Viola Beach single Swings & Waterslides enters top 20
As The Telegraph reports, the wreckage of the band’s vehicle was sailed over by the ship – the M/T Tellus, operated by Sirius Shipping – which weighs 7,500 tonnes when fully loaded, shortly after the auto dropped over 25 metres from the bridge, which had opened to allow the ship to pass through.
According to the Daily Telegraph the latest disclosure raises the possibility that they could have survived the initial fall and instead been killed by the oil tanker.

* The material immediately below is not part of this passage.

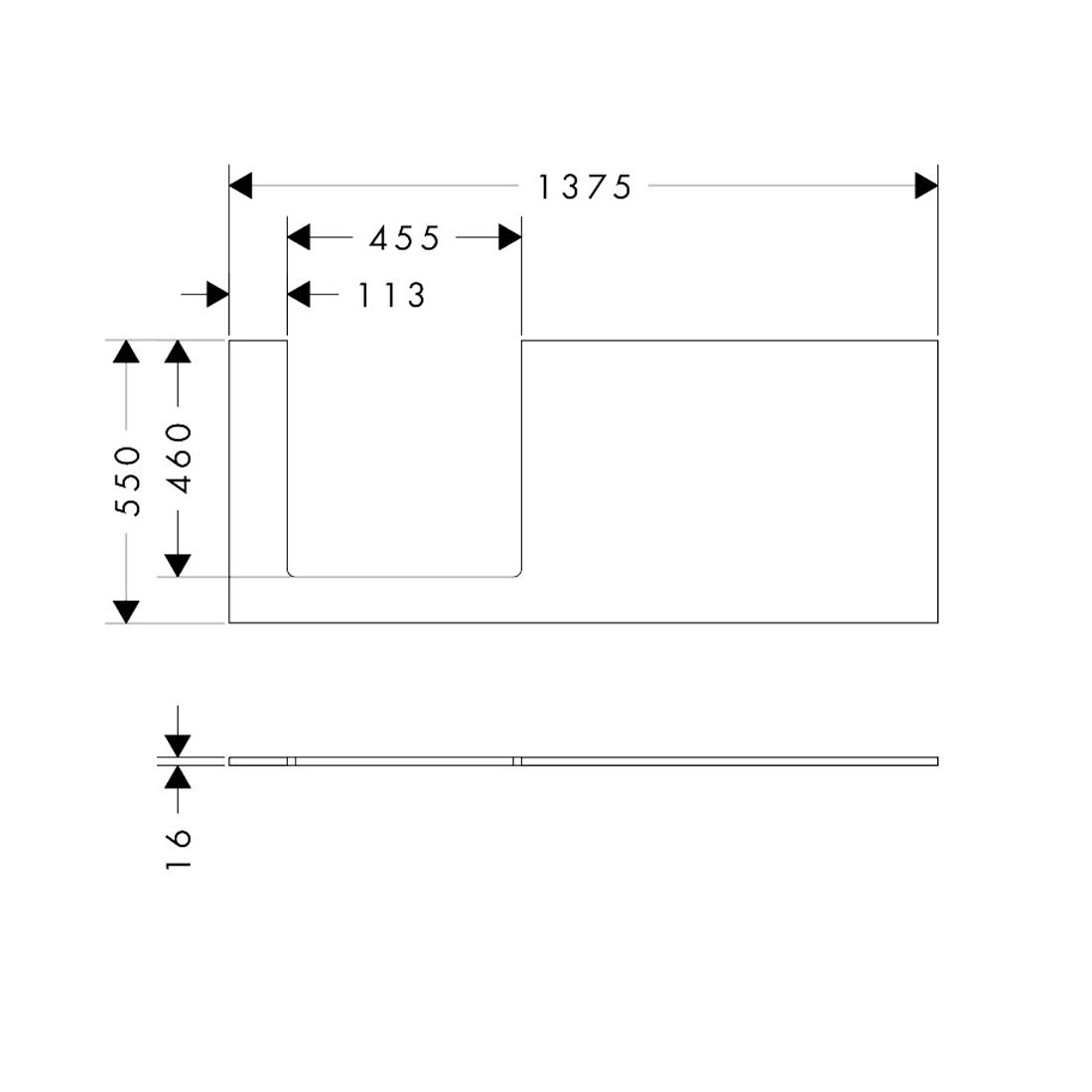 hansgrohe Xilesa E Konsole 137,5 x 55 cm mit Ausschnitt eckig links für Aufsatzwaschtisch geschliffen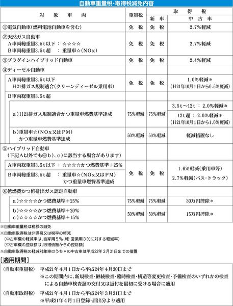 ハイブリッド車(HV)や電気自動車(EV)などの低炭素車(エコカー)を対象に自動車重量税と自動車取得税を減免するエコカー普及促進税制が4月1日にスタートした。日刊自動車新聞が国土交通省公表の「自動車の燃費性能」(5月1日現在)に基づき減免...

Swedish police have indicated this might explain the extreme wreck the auto was in on recovery.
In Sweden, the band are now the highest placing non-Swedish act on Spotify’s Viral Top 50, which looks at the most-shared tracks in the country.
‘It is with great sadness that we will not be able to see them grow from the spark that they are now, into the raging fire that they so desperately desired to become’.
A spokesman for the shipping company said no one realised the auto had fallen from the bridge. “But the outcome for the auto would probably not have been different whether the crew had noticed it or not”, he says.
The organisers of Liverpool Sound City have confirmed they will be paying a special tribute to Viola Beach at this year’s festival in May.
Kris Leonard, 20, River Reeves, 19, Jack Dakin, 19, Tomas Lowe, 27, and their manager Craig Tarry, 33, all died after their auto ended up in a canal in Södertälje, near Stockholm on Saturday.
They released their debut single Swings & Waterslides last summer, and the follow-up Boys That Sing came out last month. The band were in Sweden to perform their first overseas gig.